Work item — Beginning with the line that contains "Elegantní bouclé látka", repeat each line exactly through the end of the listing below. Pictures stay out.

Input data —
• • • • •

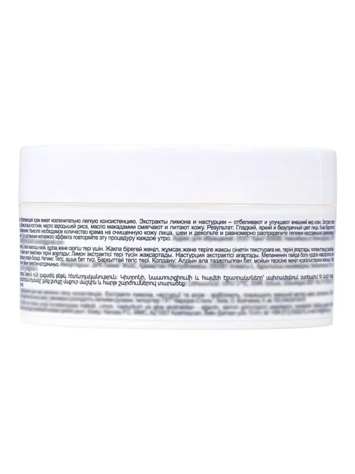 Активные растительные экстракты и питательные компоненты способствуют постепенному и деликатному отбеливанию кожи, помогают сделать цвет лица более ровным и свежим. Крем снижает выраженность пигментных пятен, предупреждает появление новых и поддерживает здоровый внешний вид кожи.
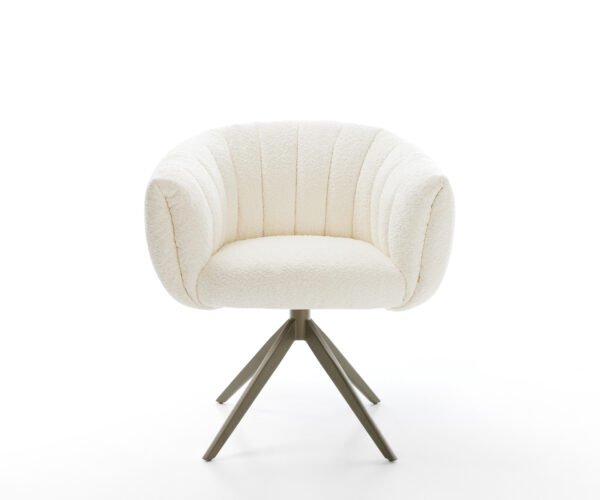 Elegantní bouclé látka je obzvlášť měkká a příjemná na dotek, zároveň však odolná a snadno udržovatelná. Září v teplém bílém odstínu a v každé jídelně vytváří nadčasově krásné akcenty.
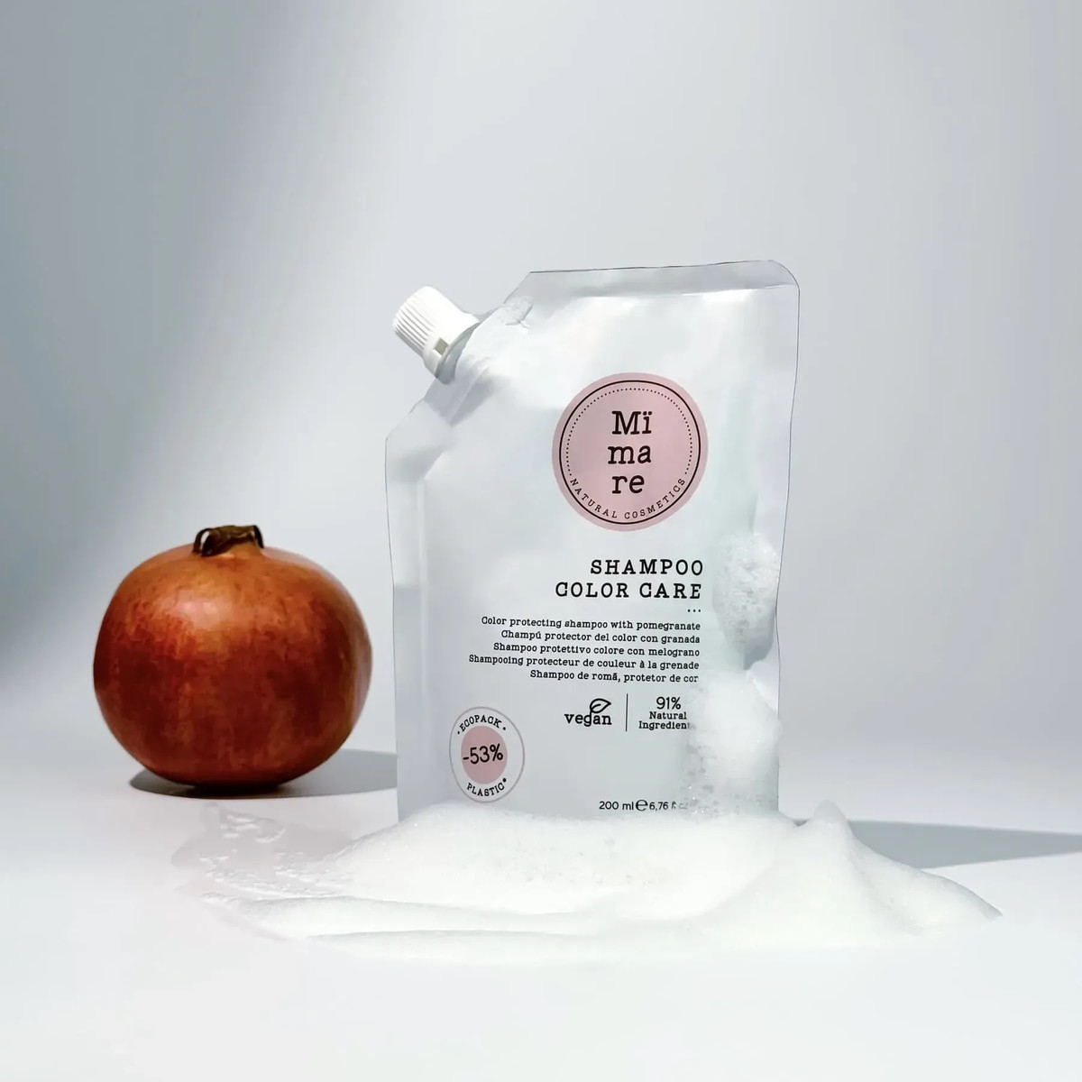 Шампунь для захисту кольору з гранатом Mimare Color Care Shampoo допоможе вам ефективно доглядати за фарбованим, знебарвленим або хімічно обробленим волоссям. Шампунь для фарбованого волосся Mimare Color Care Shampoo має унікальну формулу, яка надає локонам інтенсивний догляд і надійний захист.
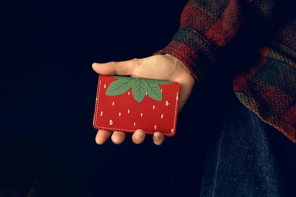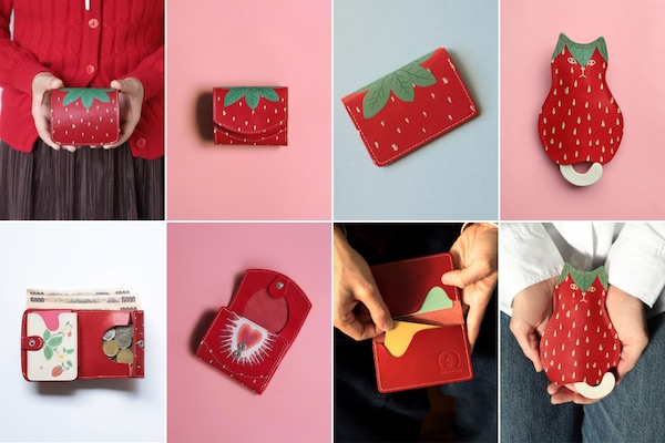 これまでも、いちごをモチーフにしたミニ財布や猫型キーケースを制作してきた。

• • • • •

Exercise output —
 Elegantní bouclé látka je obzvlášť měkká a příjemná na dotek, zároveň však odolná a snadno udržovatelná. Září v teplém bílém odstínu a v každé jídelně vytváří nadčasově krásné akcenty.
 Шампунь для захисту кольору з гранатом Mimare Color Care Shampoo допоможе вам ефективно доглядати за фарбованим, знебарвленим або хімічно обробленим волоссям. Шампунь для фарбованого волосся Mimare Color Care Shampoo має унікальну формулу, яка надає локонам інтенсивний догляд і надійний захист.
 これまでも、いちごをモチーフにしたミニ財布や猫型キーケースを制作してきた。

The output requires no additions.